1. The problem statement, all variables and given/known data

Problem as given: A three-dimensional wire of infinite length carries a current I0 starting at (-∞,0,0) along a straight line to (0,0,0), bending and travelling along a straight line to (0,1,0), then bending and travelling to (0,1,1) and finally bending and travelling out to (∞,1,1). Determine the magnetic field at (0,0,1).

2. Relevant equations

Possibly using |B| = μ0I/2∏r ? Not sure whether/how to combine the fields of the different segments using this general formula for the B-field of a current carrying wire.

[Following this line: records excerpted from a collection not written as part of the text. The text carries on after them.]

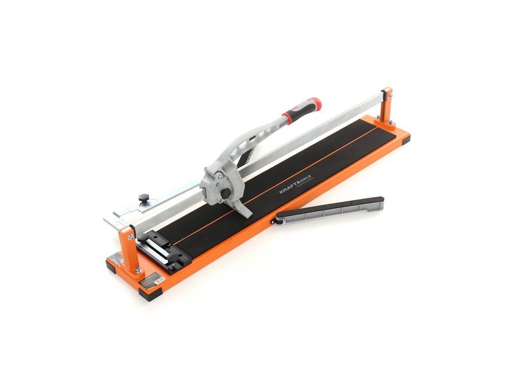 Řezačka na dlažbu KD1578 značky Kraft&Dele se skládá ze stabilní základny vyrobené z tlustého ocelového plechu s vrstvou technické mikrogumy, dvou rovnoběžných vedení a pohyblivého řezného kompletu.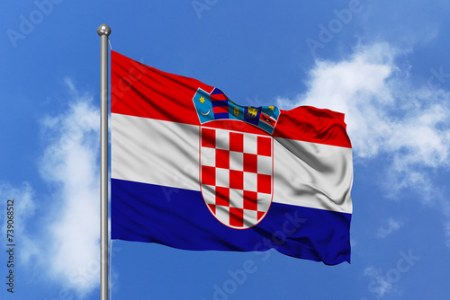 Naklejka premium Croatia flag fluttering in the wind on sky.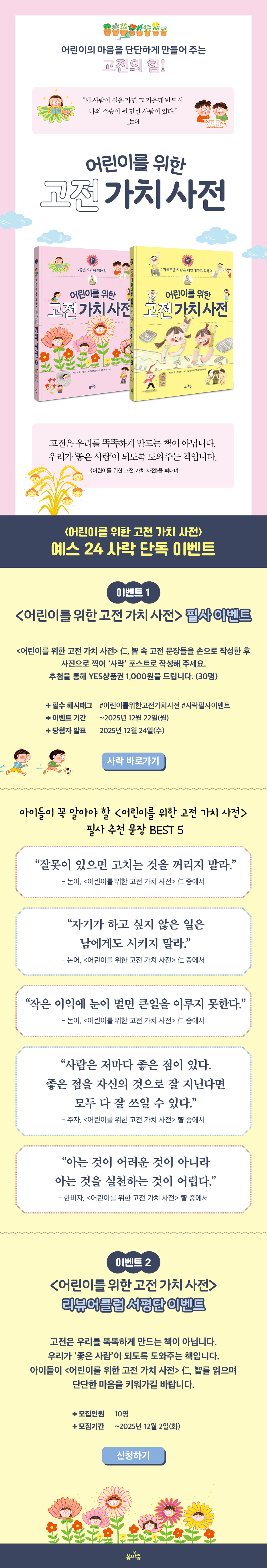 > [사락] 『어린이를 위한 고전 가치 사전』필사 & 서평단 모집 (2025.11.24 ~ 2025.12.22)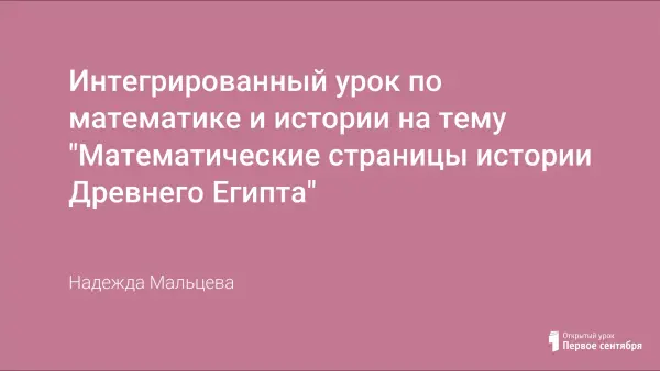 История Древнего мира интересна и далека от современного поколения детей, а математика часто воспринимается как предмет, далекий от повседневной жизни. Интегрированный урок математики и истории показывает пятиклассникам, как и для чего развивались математические знания.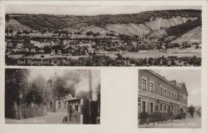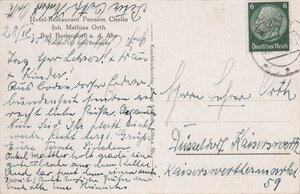 Ansichtskarte im Graudruck des Hotel-Restaurant Pension Cholin, damaliger Inhaber Mathias Orth, im Jahr 1935. Die Vorderseite zeigt oben ein Panoramabild des Ortes, vom Mühlenberg aus aufgenommen. Deutlich sind die Weinanbauflächen links am Sonnenberg und nach rechts zum Reisberg und am Reisberg zu erkennen. Das Bild unten links zeigt drei Objekte. Den Bahnhof Bodendorf/Ahr in der Mitte, links daneben ein eingezäunter Garten mit Stallungen und Toilettenhaus und rechts vorn das Kiosk "Wietz-Büdchen" an der Ecke zur Burgmauer. Die Ansichtskarte ist gelaufen nach Düsseldorf-Kaiserswerth, Datiert mit 28.4.1935 und Frankiert mit einer 6 Pfennigmarke Deutsches Reich.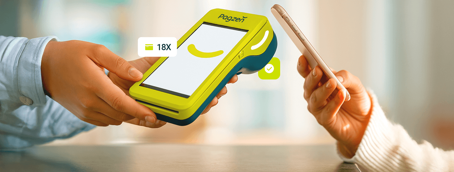 O Totem Pagzen transforma a experiência de pagamento no balcão: seu cleinte escolhe se quer parcelar, em até 18x, com total autonomia e clareza, sem constrangimentos ou surpresas.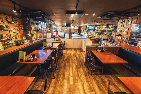 カルフォルニアガレージで遊び心のある店内!"大人の遊び場をイメージして作ったこだわりの店内!男の人なら誰しも憧れるカルフォルニアガレージを鬼ゴリで再現!ガブ飲み!"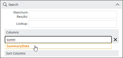 to sort the result set alphabetically or numerically.Start keying a field name in the Sort Columns field and select the required field when it displays.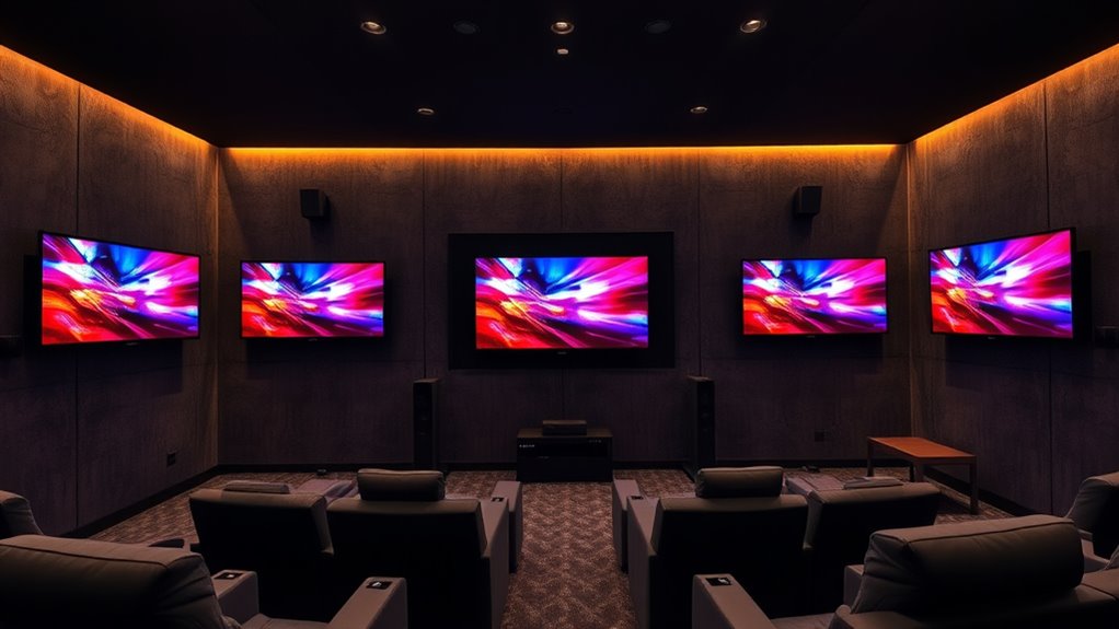 If you’re looking for the top Sony ALR screens for a truly immersive home theater, I recommend checking out options that support 4K/8K, high gain, and ambient light rejection. Features like motorized floor rise and app or voice control make setup easier, while design aspects guarantee vivid, bright images even in well-lit rooms. To find the perfect fit for your space and preferences, keep going—I’ve got details on each one that can help you decide.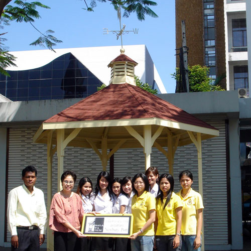 | บริษัท ศาลาท่าน้ำ จำกัด รู้สึกยินดีเป็นอย่างยิ่ง ที่ได้มีโอกาสมอบศาลาทรง 6 เหลี่ยม รุ่น NEWBURY PORT ขนาดเส้นผ่าศูนย์กลาง 3.00 เมตร ให้กับทางมหาวิทยาลัยธรรมศาสตร์ วิทยาเขตท่าพระจันทร์ หน้าบริเวณคณะวารสารศาสตร์และสื่อสารมวลชน เพื่อใช้เป็นสถานที่อ่านหนังสือ และนั่งพักผ่อนตามอัธยาศัยของนักศึกษา อาจารย์ บุคคลากร และประชาชนที่สัญจรไปมาผ่านทางมหาวิทยาลัย

3. The attempt at a solution

I haven't seen a problem like this in our class, so I'm mostly fishing for a start. I am aware of finding the magnetic B field of a current carrying wire using the equation above, but we never talked about a wire oriented in space with coordinates as such. To start, I would assume the wire is bent at a 90 degree angle at each given point where applicable, find the magnetic field of each segment, and from there I am not too sure where to go.
1. The problem statement, all variables and given/known data

2. Relevant equations

3. The attempt at a solution

2. Apr 27, 2012

### tiny-tim

welcome to pf!

hi speedofdark8! welcome to pf!
yes, find the individual fields, and add them

integrate the Biot-Savart law for the short sections

(you can probably see how to get it from B = μoI/2πr for the long sections)

3. Apr 27, 2012

### speedofdark8

I am not familiar with the Biot Savart Law. For the other sections though, would I be correct with the equation I posted earlier?

4. Apr 27, 2012

### tiny-tim

5. Apr 29, 2012

### speedofdark8

Thank you for the replys. I have since gotten together with some classmates and we found a solution.